[[ Source material, beginning ]]

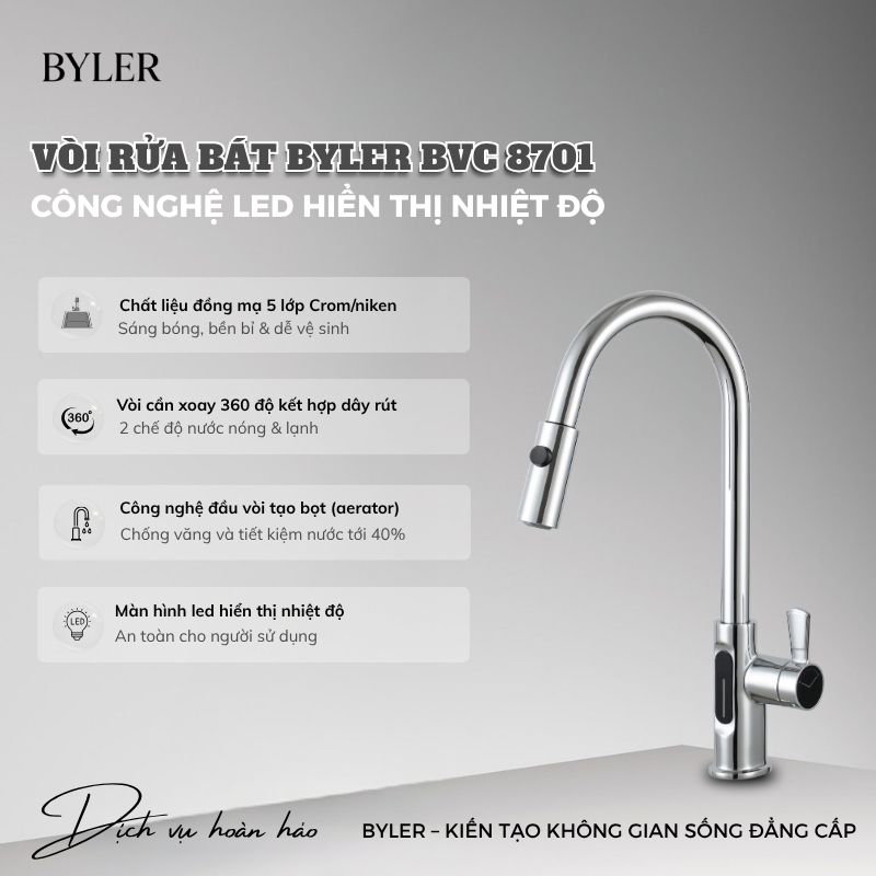 Trong căn bếp hiện đại, sự tiện nghi không chỉ đến từ thiết kế mà còn nằm ở công nghệ tích hợp trong từng thiết bị. Một chiếc vòi nước thông minh không chỉ giúp bạn rửa bát mà còn mang lại sự an toàn, chủ động và trải nghiệm hoàn toàn khác biệt. Vòi rửa bát Byler BVC 8701 chính là minh chứng rõ ràng cho xu hướng đó khi kết hợp hoàn hảo giữa thiết kế, tính năng và công nghệ LED hiển thị nhiệt độ độc đáo.
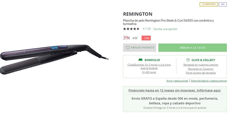 Las famosas planchas de pelo Remington, son un regalo perfecto y un chollo para navidades en El Corte Inglés. Estas planchas, tienen cerámica y turmalina, con un diseño curvo con guías de sujección, ideales para rizar y alisar. Tiene función turbo, calentamiento rápido y un apagado automático de seguridad si no se usa en 60 minutos.
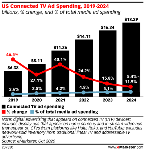 As advertisers seek to reach households that have hooked up their TVs directly to the internet, connected TV ad spending next year will jump 40% to $11.4 billion in the United States, and make up 4.2% of total media spending, researcher eMarketer estimated.
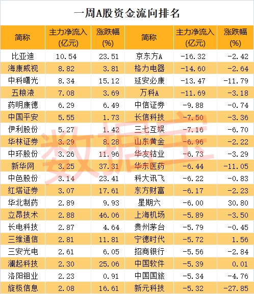海康威视、中科曙光主力资金净流入分别为8.82亿元、8.34亿元,两者分别累计上涨3.81%、15.12%。本周净流入规模较大还有的五粮液、药明康德、中国平安、伊利股份、华林证券等。
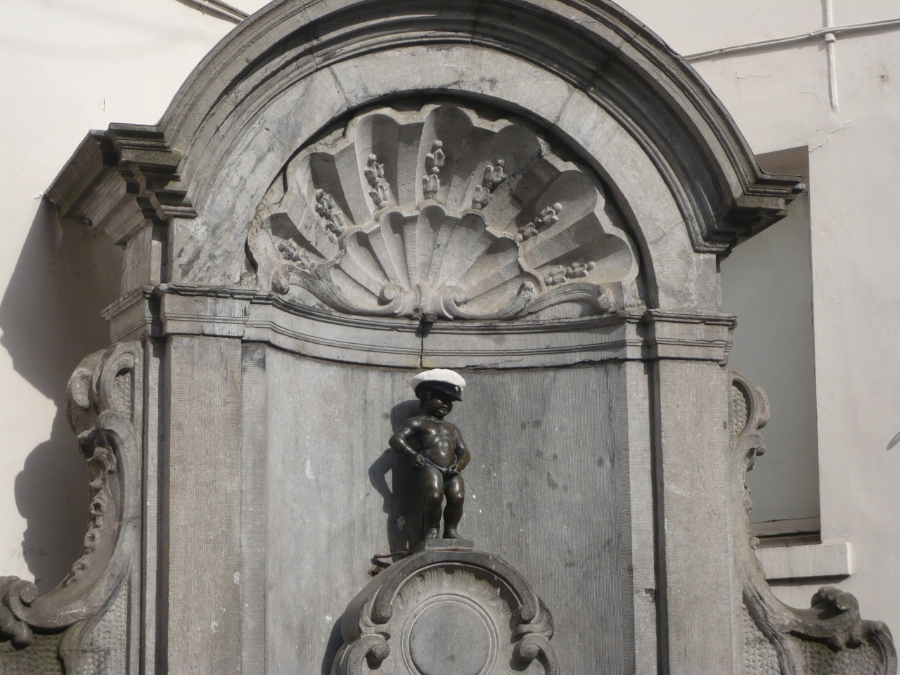 有名な小便小僧。今日は帽子をかぶっています。街を歩いている女子高生何人かがこれと同じ帽子をかぶっていました。何の帽子なのかはわからず・・・
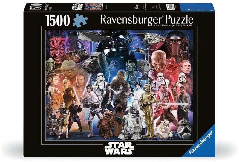 1500 darabos kirakó Új, védőfólia nélküli kiadás!Új, kisebb dobozos kiadás! Márka: Ravensburger Művész: Lucasfilm Kirakott kép méret: 80 x 60 cm Doboz méret: 33,5 x 25,5 x 5,5 cm Eredeti cím: Star Wars Universe GTIN: 4005555007142
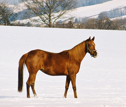 kalten Winter im Schnee bei Nile Arabians. Nach einer langen und erfolgreichen
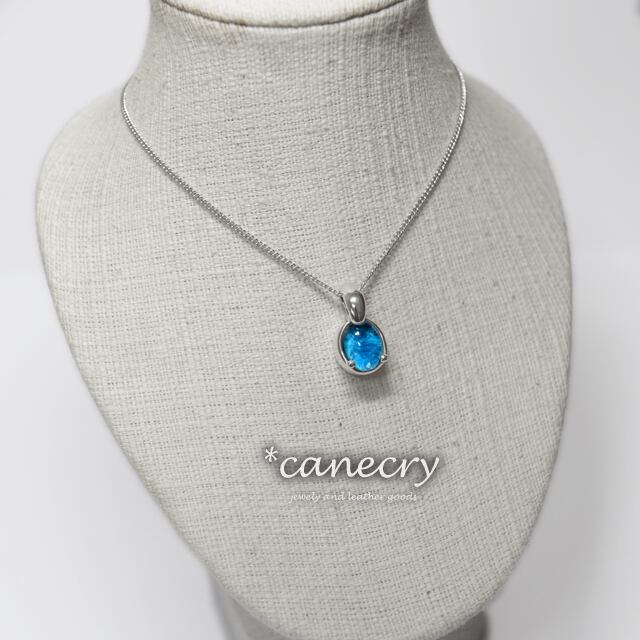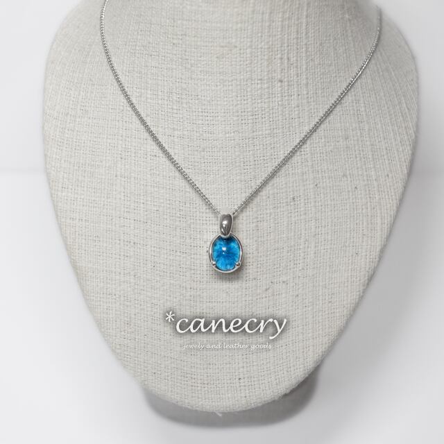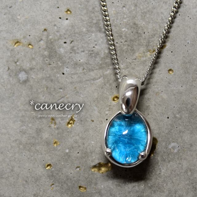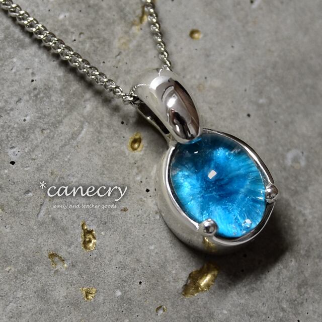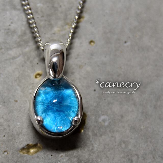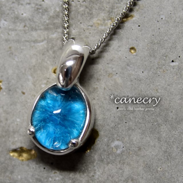 深いブルーの放射状の結晶が特徴的なカバンサイトのネックレスです。
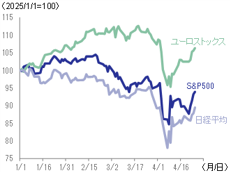 トランプ大統領の就任以降、米国は内向き志向を強め、国際社会への関与を低下させる姿勢が鮮明になっている。強硬な関税政策に加え、ウクライナ支援への消極姿勢など、米国の政策はトランプ氏の就任以前から様変わりした。こうした中で、欧州に対する市場参加者の期待は高まっているように見える。ユーロストックスは相互関税発表後に急落したものの、日本(日経平均株価)や米国(S&P500)に比べて底堅い(図表4)。米国に代わる投資先として、消極的な動機で資金を退避させている面もあるだろうが、EUレベルでの防衛費増額や、ドイツのインフラ投資基金設立を含む財政拡張への転換など、EUと加盟国のスタンスが明確に変化した点は間違いなく好材料だ。
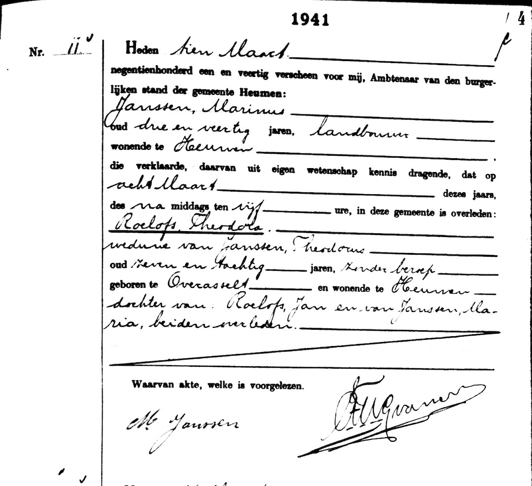 GldA, ovl. reg. Heumen 1941, akte 11
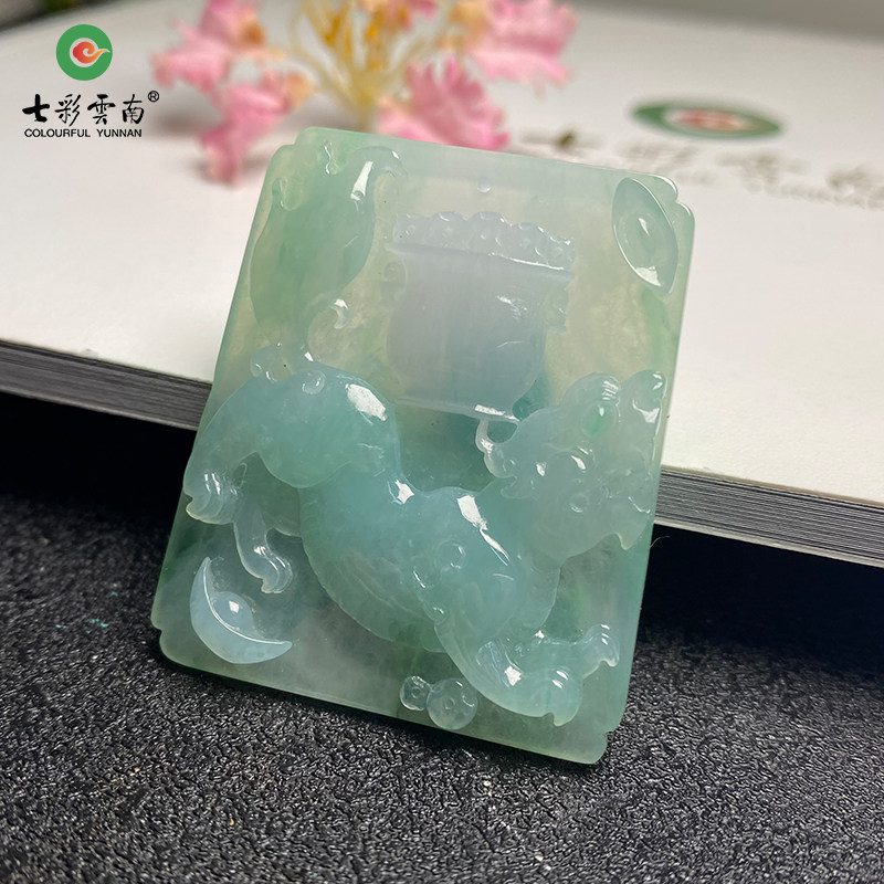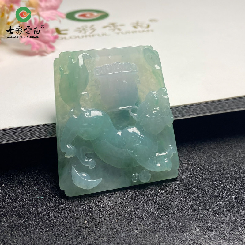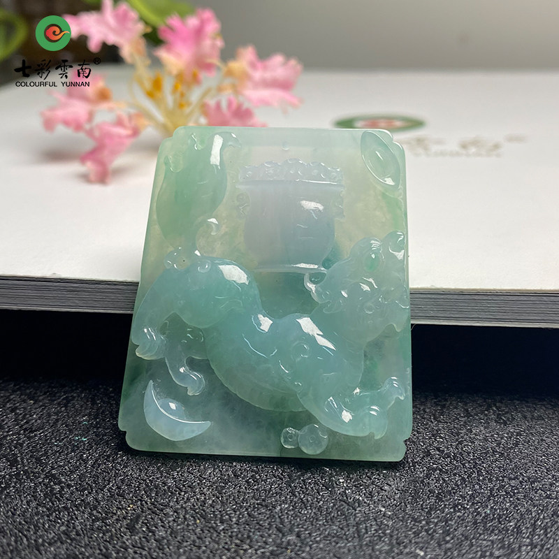 Color Yunnan Myanmar A cargo natural emerald with certificate ice light green Kirin hanging
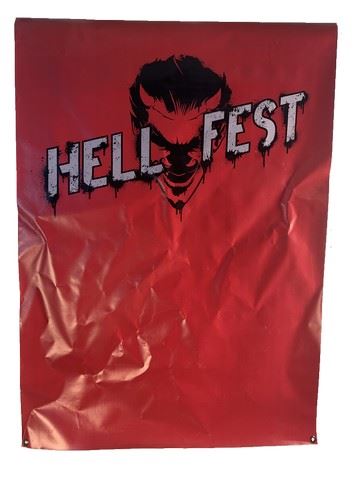 Hell Fest vertical, red banner with logo (rolled) (approx. 3' W x 6' L).
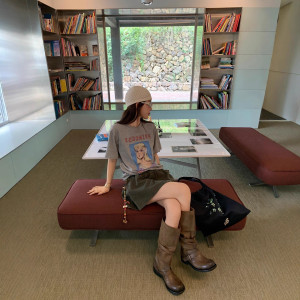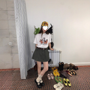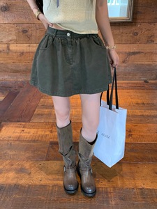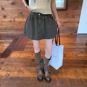 美 甜酷自成一派水洗工艺复古绿色褶皱工装半裙
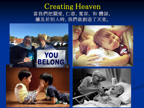 This is also the teaching of our Chinese Ancestor Confucius as described in the Li-Yun Da-Tung (礼运大同) world of Great Harmony. When everyone lives in a harmonious world of caring, kindness, and harmony, we reach the vision of Shangri-La land (世外桃源).
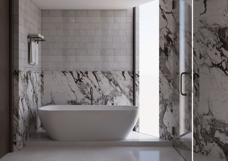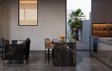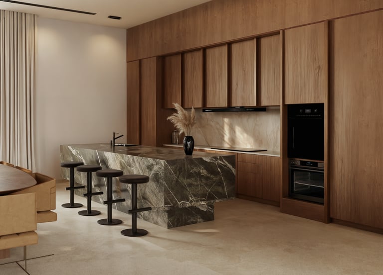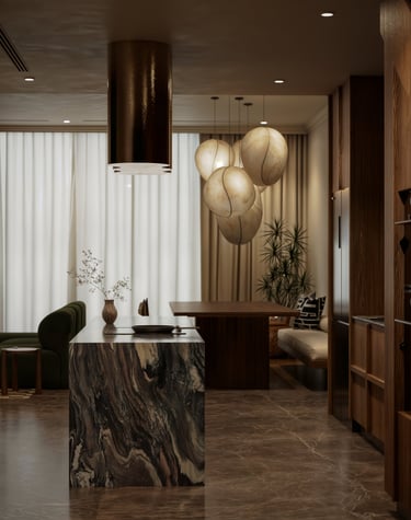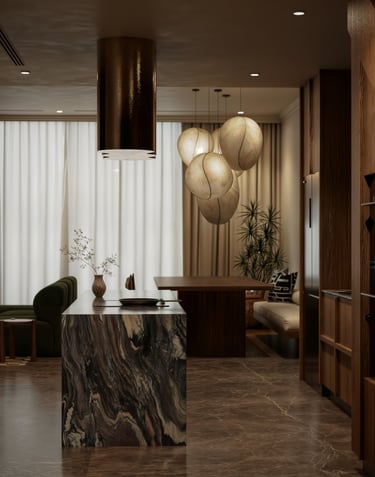 This project is a journey through spaces where deep, organic textures and vibrant natural stone are the protagonists, complemented by the warmth of polished woods and thoughtful lighting.

[[ Source material, end ]]

Restate the listing word for word. Pictures do not belong in the copy.

 Trong căn bếp hiện đại, sự tiện nghi không chỉ đến từ thiết kế mà còn nằm ở công nghệ tích hợp trong từng thiết bị. Một chiếc vòi nước thông minh không chỉ giúp bạn rửa bát mà còn mang lại sự an toàn, chủ động và trải nghiệm hoàn toàn khác biệt. Vòi rửa bát Byler BVC 8701 chính là minh chứng rõ ràng cho xu hướng đó khi kết hợp hoàn hảo giữa thiết kế, tính năng và công nghệ LED hiển thị nhiệt độ độc đáo.
 Las famosas planchas de pelo Remington, son un regalo perfecto y un chollo para navidades en El Corte Inglés. Estas planchas, tienen cerámica y turmalina, con un diseño curvo con guías de sujección, ideales para rizar y alisar. Tiene función turbo, calentamiento rápido y un apagado automático de seguridad si no se usa en 60 minutos.
 As advertisers seek to reach households that have hooked up their TVs directly to the internet, connected TV ad spending next year will jump 40% to $11.4 billion in the United States, and make up 4.2% of total media spending, researcher eMarketer estimated.
海康威视、中科曙光主力资金净流入分别为8.82亿元、8.34亿元,两者分别累计上涨3.81%、15.12%。本周净流入规模较大还有的五粮液、药明康德、中国平安、伊利股份、华林证券等。
 有名な小便小僧。今日は帽子をかぶっています。街を歩いている女子高生何人かがこれと同じ帽子をかぶっていました。何の帽子なのかはわからず・・・
 1500 darabos kirakó Új, védőfólia nélküli kiadás!Új, kisebb dobozos kiadás! Márka: Ravensburger Művész: Lucasfilm Kirakott kép méret: 80 x 60 cm Doboz méret: 33,5 x 25,5 x 5,5 cm Eredeti cím: Star Wars Universe GTIN: 4005555007142
 kalten Winter im Schnee bei Nile Arabians. Nach einer langen und erfolgreichen
 深いブルーの放射状の結晶が特徴的なカバンサイトのネックレスです。
 トランプ大統領の就任以降、米国は内向き志向を強め、国際社会への関与を低下させる姿勢が鮮明になっている。強硬な関税政策に加え、ウクライナ支援への消極姿勢など、米国の政策はトランプ氏の就任以前から様変わりした。こうした中で、欧州に対する市場参加者の期待は高まっているように見える。ユーロストックスは相互関税発表後に急落したものの、日本(日経平均株価)や米国(S&P500)に比べて底堅い(図表4)。米国に代わる投資先として、消極的な動機で資金を退避させている面もあるだろうが、EUレベルでの防衛費増額や、ドイツのインフラ投資基金設立を含む財政拡張への転換など、EUと加盟国のスタンスが明確に変化した点は間違いなく好材料だ。
 GldA, ovl. reg. Heumen 1941, akte 11
 Color Yunnan Myanmar A cargo natural emerald with certificate ice light green Kirin hanging
 Hell Fest vertical, red banner with logo (rolled) (approx. 3' W x 6' L).
 美 甜酷自成一派水洗工艺复古绿色褶皱工装半裙
 This is also the teaching of our Chinese Ancestor Confucius as described in the Li-Yun Da-Tung (礼运大同) world of Great Harmony. When everyone lives in a harmonious world of caring, kindness, and harmony, we reach the vision of Shangri-La land (世外桃源).
 This project is a journey through spaces where deep, organic textures and vibrant natural stone are the protagonists, complemented by the warmth of polished woods and thoughtful lighting.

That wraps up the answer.